WHAT IS BEING ASKED
Exact reproduction of the data is required, with images excluded.

DATA
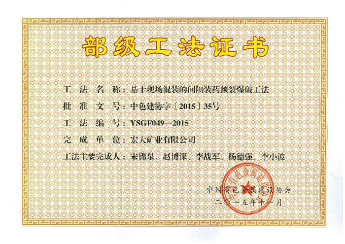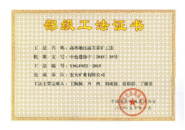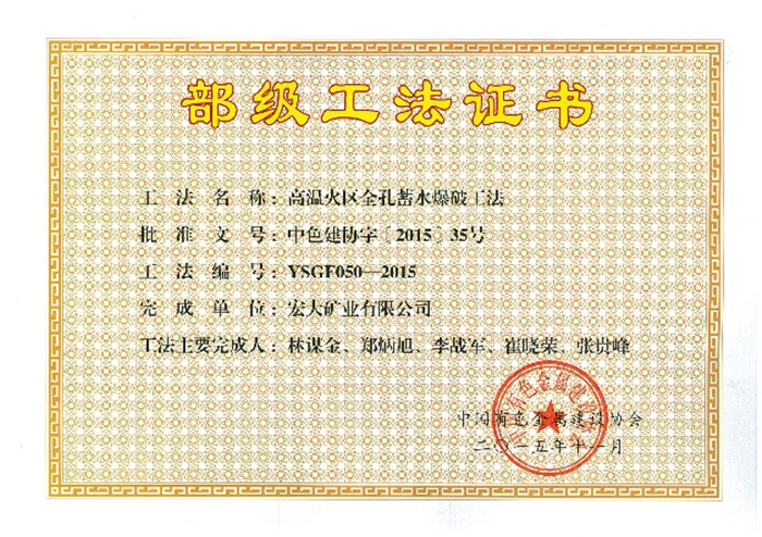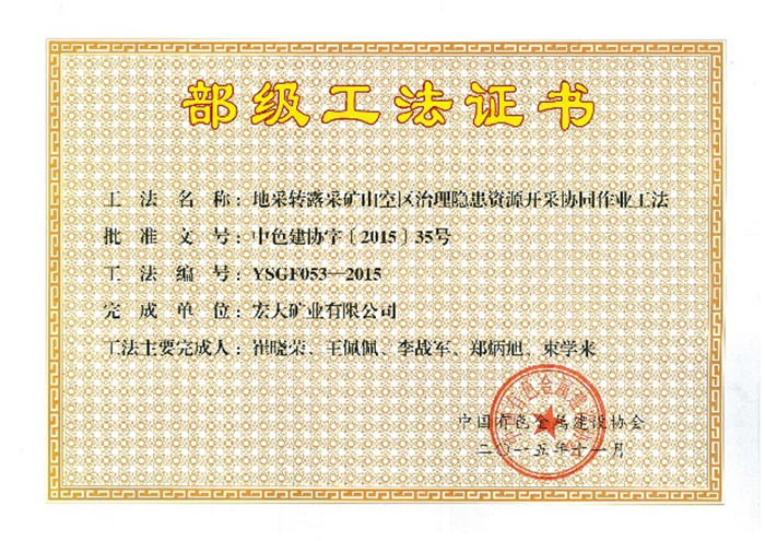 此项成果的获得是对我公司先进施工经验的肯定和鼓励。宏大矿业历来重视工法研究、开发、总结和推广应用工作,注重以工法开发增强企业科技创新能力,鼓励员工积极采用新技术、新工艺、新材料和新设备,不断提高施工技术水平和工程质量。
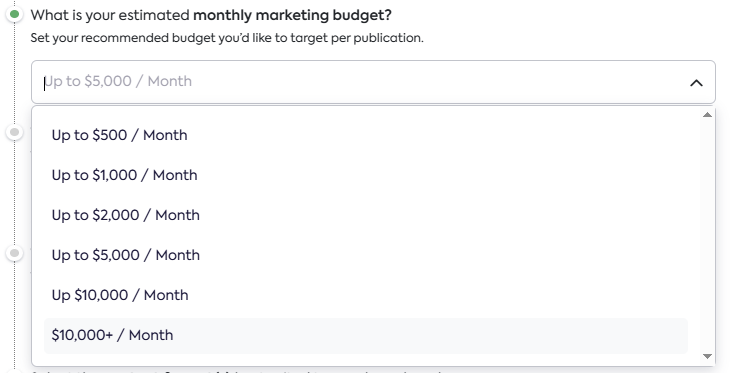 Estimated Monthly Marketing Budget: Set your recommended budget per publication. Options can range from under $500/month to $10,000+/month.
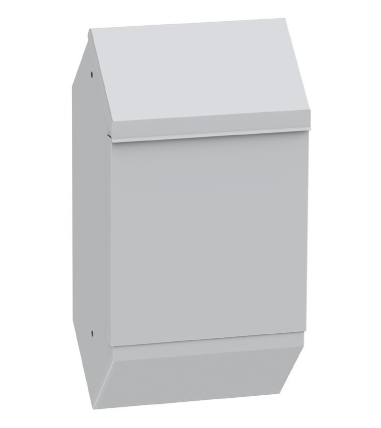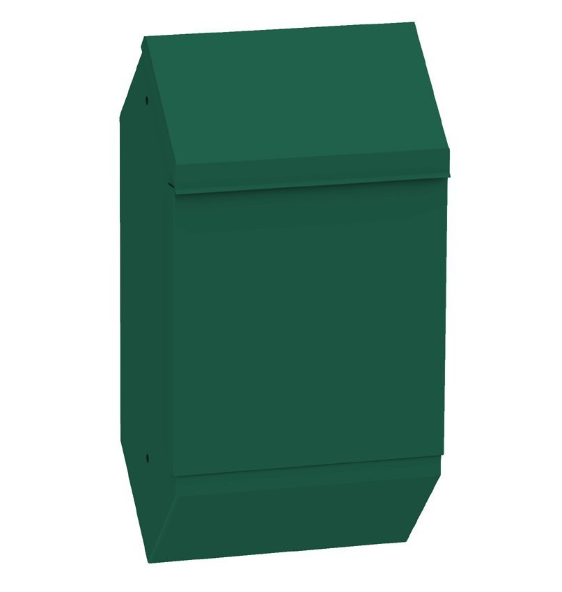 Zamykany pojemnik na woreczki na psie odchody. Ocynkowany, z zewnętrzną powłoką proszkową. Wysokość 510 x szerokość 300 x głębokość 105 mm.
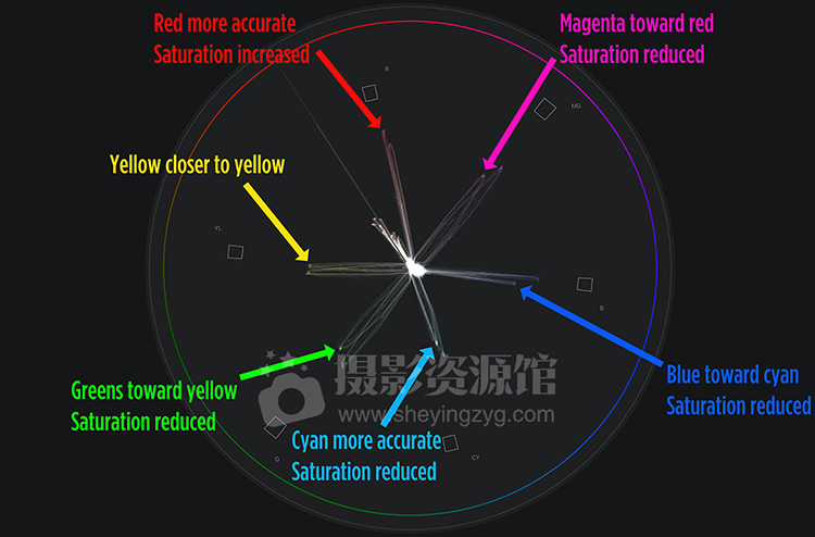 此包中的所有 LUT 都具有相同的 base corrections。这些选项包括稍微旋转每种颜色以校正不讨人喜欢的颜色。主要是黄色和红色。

EXPECTED ANSWER
 此项成果的获得是对我公司先进施工经验的肯定和鼓励。宏大矿业历来重视工法研究、开发、总结和推广应用工作,注重以工法开发增强企业科技创新能力,鼓励员工积极采用新技术、新工艺、新材料和新设备,不断提高施工技术水平和工程质量。
 Estimated Monthly Marketing Budget: Set your recommended budget per publication. Options can range from under $500/month to $10,000+/month.
 Zamykany pojemnik na woreczki na psie odchody. Ocynkowany, z zewnętrzną powłoką proszkową. Wysokość 510 x szerokość 300 x głębokość 105 mm.
 此包中的所有 LUT 都具有相同的 base corrections。这些选项包括稍微旋转每种颜色以校正不讨人喜欢的颜色。主要是黄色和红色。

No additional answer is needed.